Mau Panen Padi
Besok aku mau panen padi.
Habis itu mau tanam bawang.
Aku ajak kau datang. Kebun binatang tutup. Gajah-gajah
mati tak makan. Ke sinilah main bersama adik dan sepupu.
Istriku tak punya tanah. Ibuku juga.
Kita menumpang di bumi seluas ini.
Abakmu di rumah. Tak jalan-jalan tak memotret lagi.
Tak ada potret yang bisa
mengabadikan kesedihan.
Tak ada liburan yang dapat
mengubur kenangan.
Hidup tak ada pakansinya.
Kita bebas kalau kita mati.
Abakmu di rumah bikin meja dan kursi.
Menghias dinding dengan pepatah-pepatah
Latin. Miniatur-miniatur laut dan gunung.
Air di kolamnya beriak.
Ikan-ikan mengepak.
Kota-kota dikuncinya dari dalam.
Sudah mau masuk musim hujan.
Langit jadi sering gelap.
Main ponsel melulu ah.
Sekolah tutup dan ibu guru bisa tidur siang.
Mengepak-ngepak daun pisang. Batang jambu biji mau ditebang
dengan kapak gadang. Aku suka memanjat.

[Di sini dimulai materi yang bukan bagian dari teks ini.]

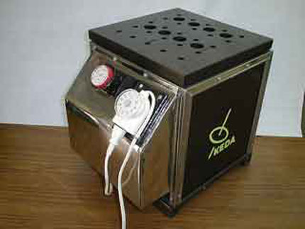 本機は庫内を100度〜130度に暖め、ボールにトイレットペーパーを幾重にも巻いて袋に入れ、ボールの破裂を避けるためボールをゆつくり回転させ、ボールの表面に出て来たオイルをトイレットペーパーに吸収させる装置です。

Besok ke sini datang, kataku!
Aku mau panen padi.
Habis itu kita tanam bawang.
Tapi batang-batang bawang tak bisa dipanjat kecuali kau ulat.
Main sama adik dan sepupu sana!
Abak dan mamamu di depan hakim
berdebat tentang kerusakan ekologi.
Apa mamamu punya sawah? Tanam saja semangka di situ.
Aku dan kamu suka semangka.
Di bumi seluas ini kamu berkebun
di atap-atap rumah.
Tak ada tanah di mana-mana.
Ini matrilini macam apa?
Pohon jambu biji tak tumbuh lagi. Padahal
kita senang menjadi monyet. Seperti nenek
moyang. Berjalan dengan empat tangan.
Aku bosan menjadi beradab.
Aku mau memanjat ke ranting paling ujung.
Cita-Cita setelah Mulai Tua
Anak-anak bermain di halaman.
Hari hujan. Rintik-rintik.
Aku ingin di sini saja sampai tua.
Punya sepetak-dua petak ladang.
Menghangatkan tubuh pada matahari baru terbit; terpana pada
kuning-pekatnya ketika akan tenggelam.
Menulis ini dan itu.
Lalu mati.
Lalu orang-orang akan melupakan aku.
Mungkin akan sekali-kali diingat
dengan tak sengaja.
Anak-anak bermain di halaman.
Hujan tinggal. Titik-titik.
Insomnia Abad Ke-21
Di abad ke-21
jam malam lenyap
tak ada lagi perang atau revolusi
tapi mata tetap tak bisa lelap
kelopak memanjati bolanya
aku mengingat-ingat kamu dalam asap kebakaran hutan
tubuhmu dan rohmu tidak kini berbeda.
”Tidak setiap masa silam mesti dituliskan. Ada yang
harus dibiarkan tetap sebagai kubangan metafora.”
Metafora dari mata yang tidak bisa mengingat
kapan pertama dan terakhir terpejam dan lelap.
”Bagaimana cara mengingat sesuatu yang tidak ingin diingat?”
Simpanse atau kera mengubahnya jadi—
monyet atau gorila menyulapnya merupa—
ah ya, metafora!
Di abad ke-21
jam malam lenyap
tak ada lagi huru-hara atau petisi
tapi mata tetap nyala-terjaga
kelopak mencari-cari selimutnya
aku mengingat-ingat kamu dalam asap kebakaran halte dan plaza
tubuhmu dan rohmu telah kini jadi sama lesap belaka.
DEDDY ARSYA:
Buku puisinya yang mutakhir berjudul Khotbah si Bisu (2019). Buku itu terpilih sebagai Buku Puisi Pilihan Majalah Tempo.